The existence  of her arms remains a mystery. Some accounts say the sculptor never gave her arms. Others state that her arms were unearthed with the rest of her body in 1820, but were deemed unoriginal and never reattached.  

According to mythology, Venus is regarded as the Roman goddess of love, beauty, sexuality, military victory, and prosperity—a force to be reckoned with. Some sources say she is also the goddess of prostitution. No doubt, she seems to embody the full complexity of our femininity: a fractured beauty with both jagged edges and sensual curves, her body unearthed in fragments, partially pieced back together, and now on display like a trophy.

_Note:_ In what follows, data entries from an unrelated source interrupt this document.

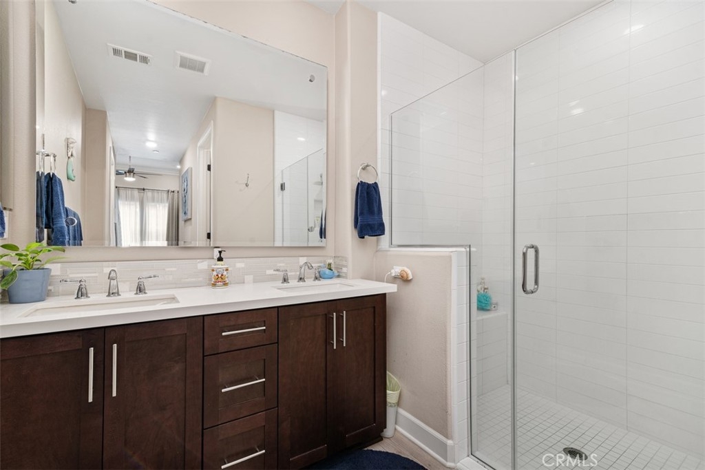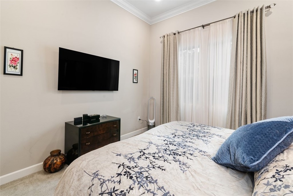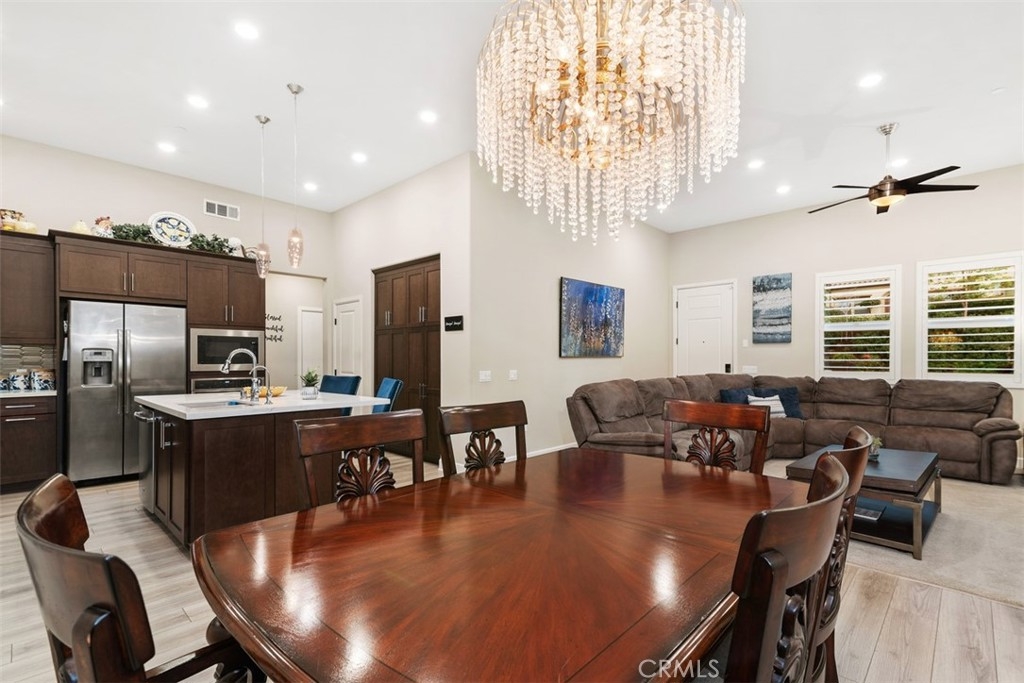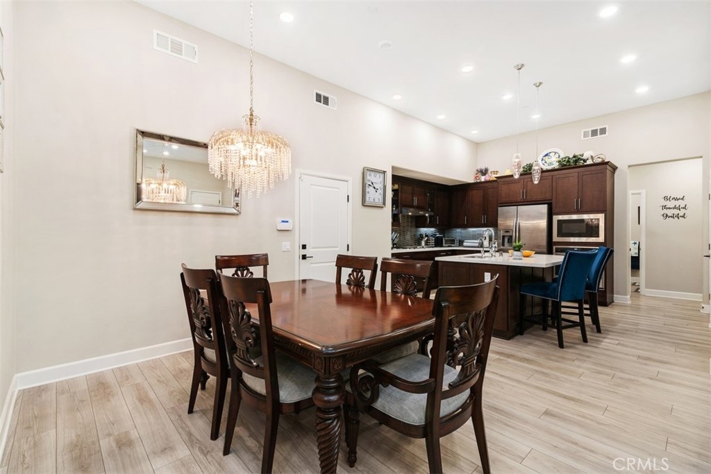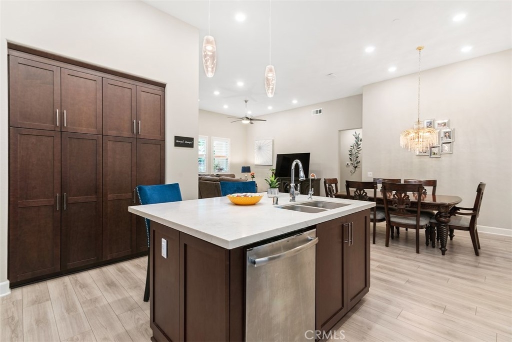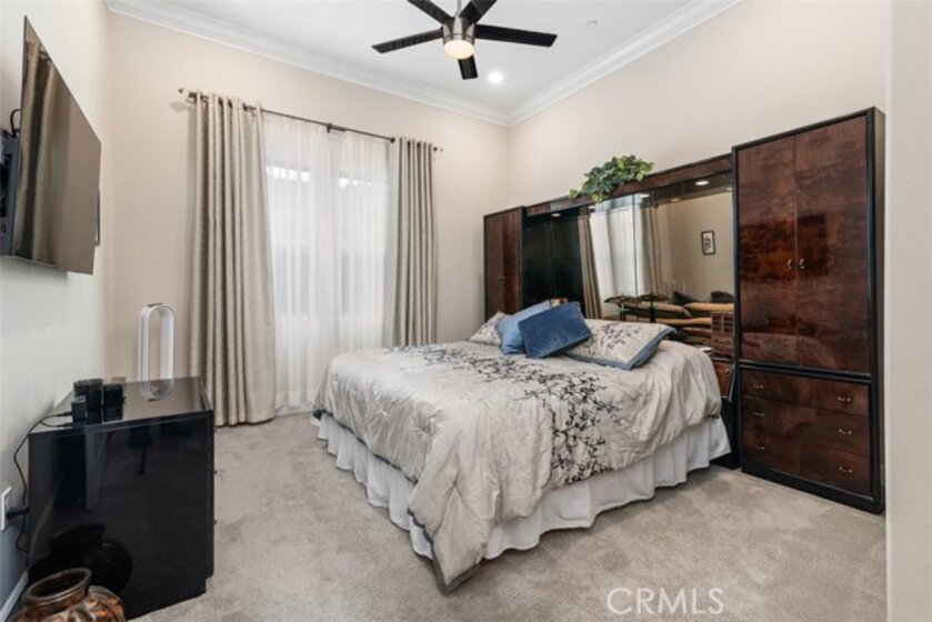 Elegant SINGLE STORY, 3 bedroom, 2 bath townhouse in Avante 55+ gated community. Built in 2018 and is conveniently located in the heart of Del Sur, and within walking distance to Del Sur Town Center. Avante is part of the Del Sur Master Planned Community, which grants homeowners access to 11 pools, trails, numerous parks, dog parks, and year-round neighborhood events. This stunning home has a spacious open floor plan with a modern kitchen and high ceilings (12 feet!). Stainless steel appliances, washer and dryer, quartz counter tops, designer tile backsplashes and a large kitchen island with a built-in dishwasher, disposal, and a reverse osmosis water filtration system. It has luxurious plank flooring, upgraded carpet in the bedrooms and living room, plus you’ll find crown molding in the master, a large custom designed walk-in closet, a tiled shower and double sinks in the en suite master bathroom. This home is also equipped with 8 solar panels, ceiling fans, a security system, smoke and carbon monoxide detectors, and sprinklers. The attached 2 car garage has custom epoxy flooring and a tankless water heater. Enjoy a low maintenance lifestyle while relaxing on the sunny front patio! Avante has a beautiful private clubhouse, heated pool, jacuzzi, gym, fire pit, and 2 barbeques areas. Live comfortably in this spacious and conveniently located gem.
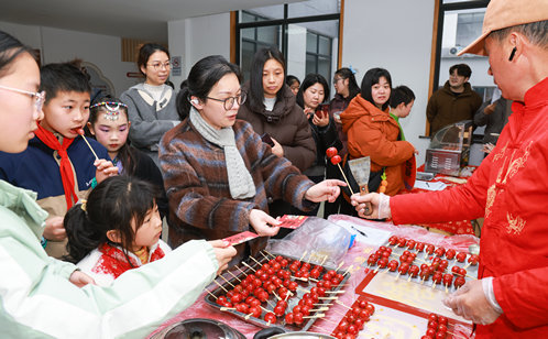 循著香氣走到美食區(qū),海棠糕剛剛出爐,糖漿的焦甜裹著果仁的酥脆;赤豆小圓子在鍋中翻滾,軟糯香甜一碗下肚,暖意從舌尖蔓延到心底。老人們嘗著熟悉的老味道,孩子們捧著美食笑逐顏開,熱鬧喧囂里升騰的,是團(tuán)圓的踏實(shí)與溫?zé)帷?/span>
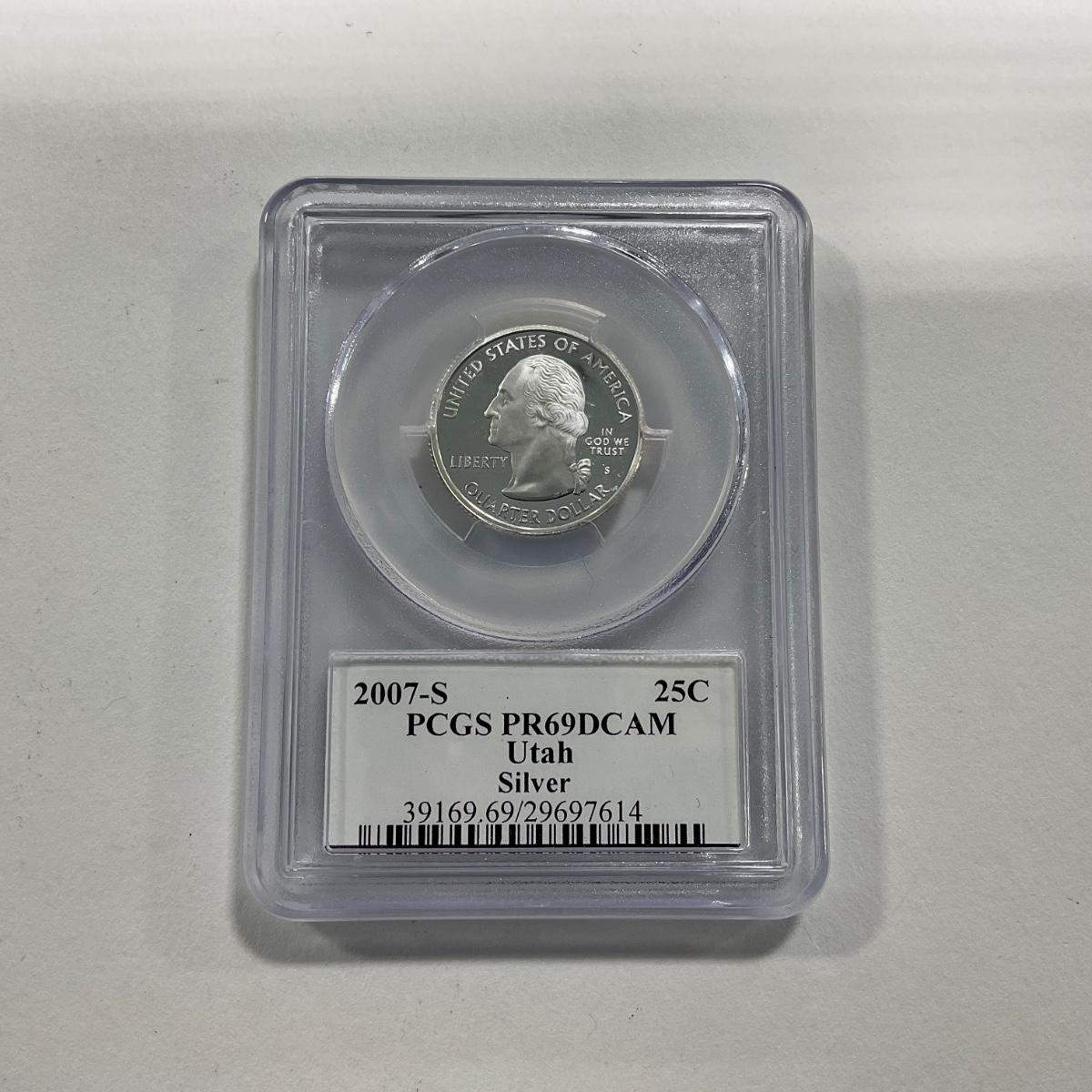 -71- COINS | 2007-S Silver Washington Utah State Quarter Proof PCGS PR69 DCAM
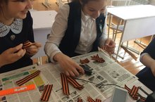В школе началась подготовка к празднованию Дня Победы. 03 мая учащиеся школы прошли мастер-класс по изготовлению брошей из георгивских лент. В начале занятия они ознакомилис с информацией о возникновении данной традиции, значении георгивской ленточки.
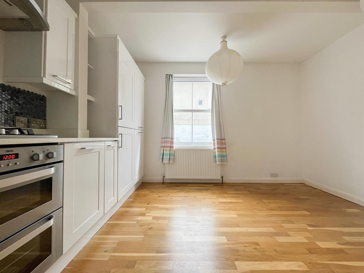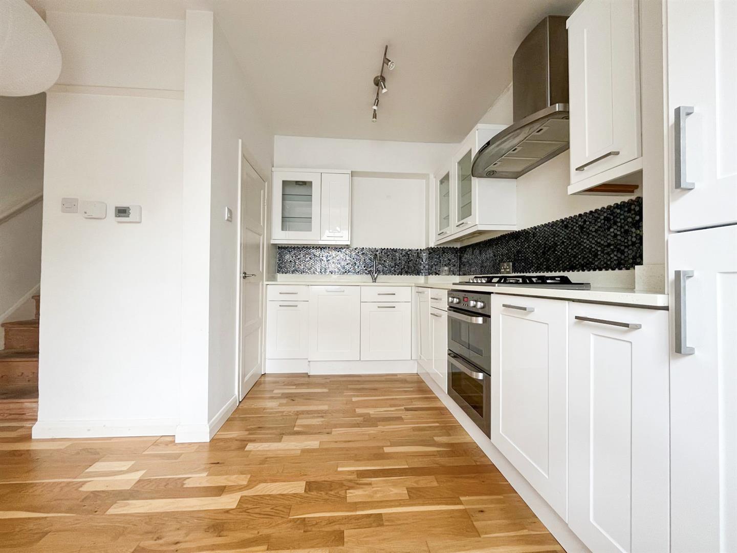 The ground floor features a bright dual-aspect living room, which flows through to a generously sized kitchen/dining room positioned at the rear of the property. The kitchen is fitted with modern units and provides ample space for a full dining table. Appliances include an electric oven with gas hob, fridge/freezer, and integrated dishwasher. A useful under-stairs larder cupboard offers additional storage, along with space and plumbing for a washing machine.
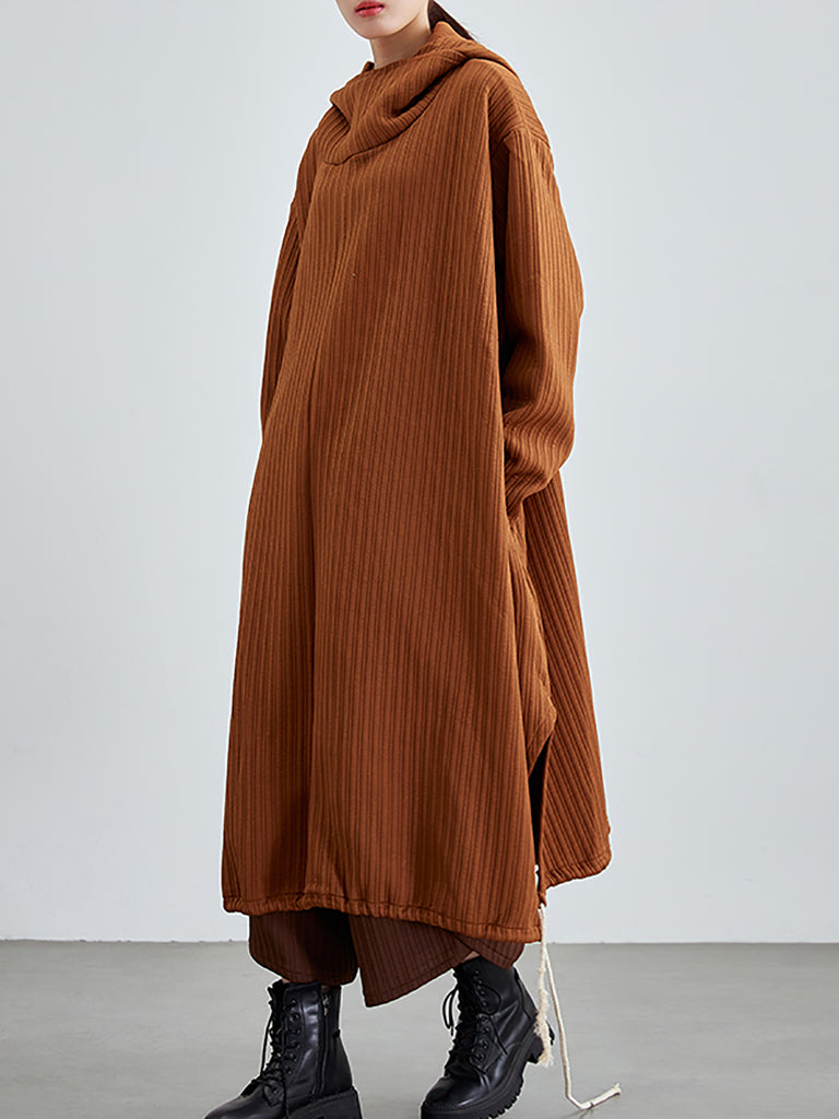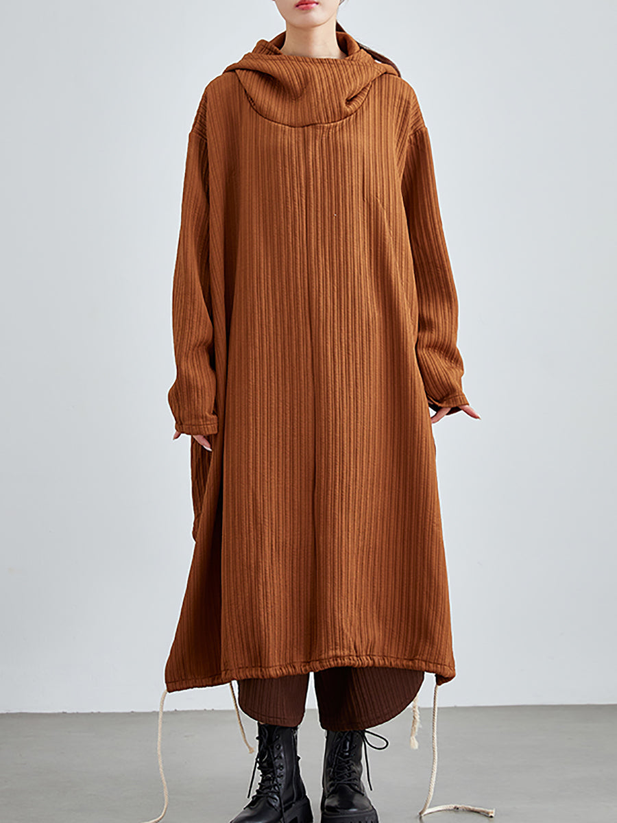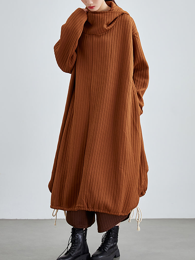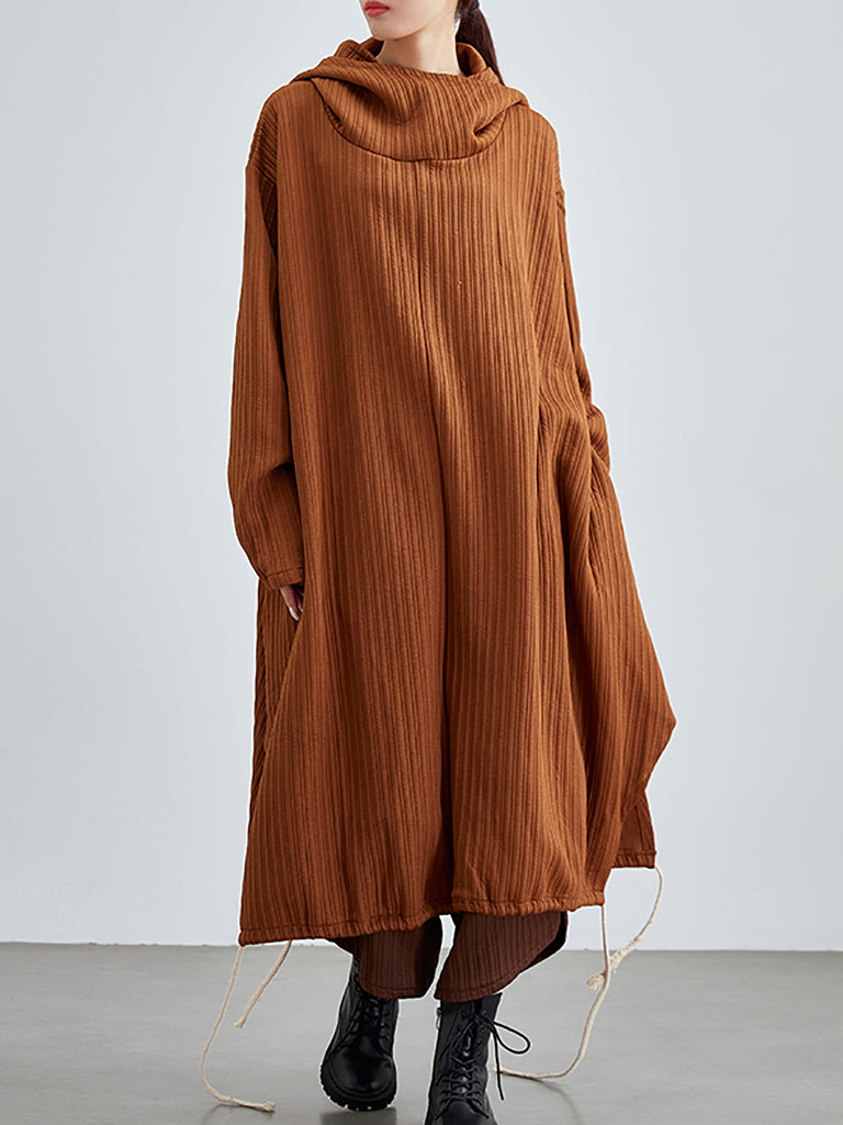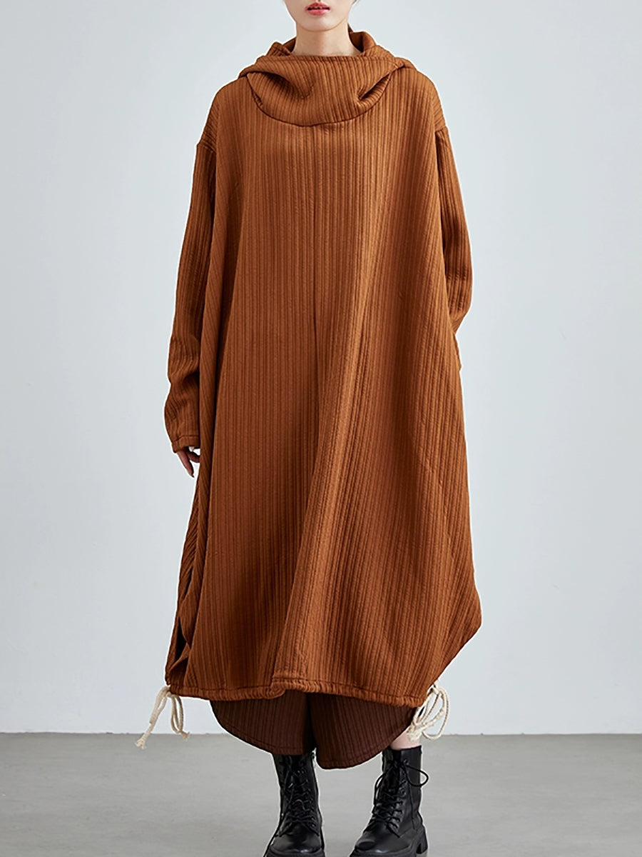 Vestido holgado con capucha de algodón de color liso para mujer, ideal para otoño.
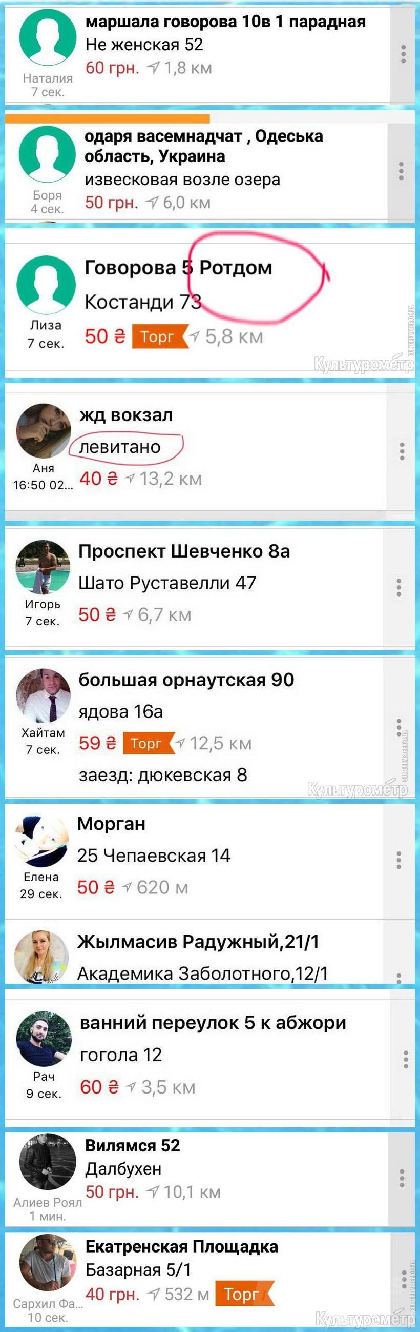 Пользователь Фейсбука под ником Alessio Di’Vittorio Guerrasimentti, подрабатывающий в Одессе таксистом, опубликовал скриншоты сообщений клиентов из мобильных приложений вызова такси. Читать их без смеха сквозь слезы невозможно. Кроме необычных предложений, в подборке присутствуют невероятное коверканье названий одесских улиц, причем не только у иностранцев.

Her figure is haunting and hard to look away from. It makes me wonder if feminine beauty can ever exist purely, apart from fragmentation and consumption.

There’s a fine line between beholding beauty and exploiting it.

Our teacher angles a spotlight on her towering body to accentuate every shadow. I pick up my dark charcoal and get to work, the soft gray pigment smeared across my fingertips. Our teacher puts on music while we draw. Tonight’s selection is Bob Marley, No Woman No Cry.

As we work, our teacher comments to the whole class as he observes us individually. One thing he says sticks with me forever:

“Art is the ability to see. It’s not a matter of your hand’s ability to glide the chalk over the paper. It’s all in the eyes.”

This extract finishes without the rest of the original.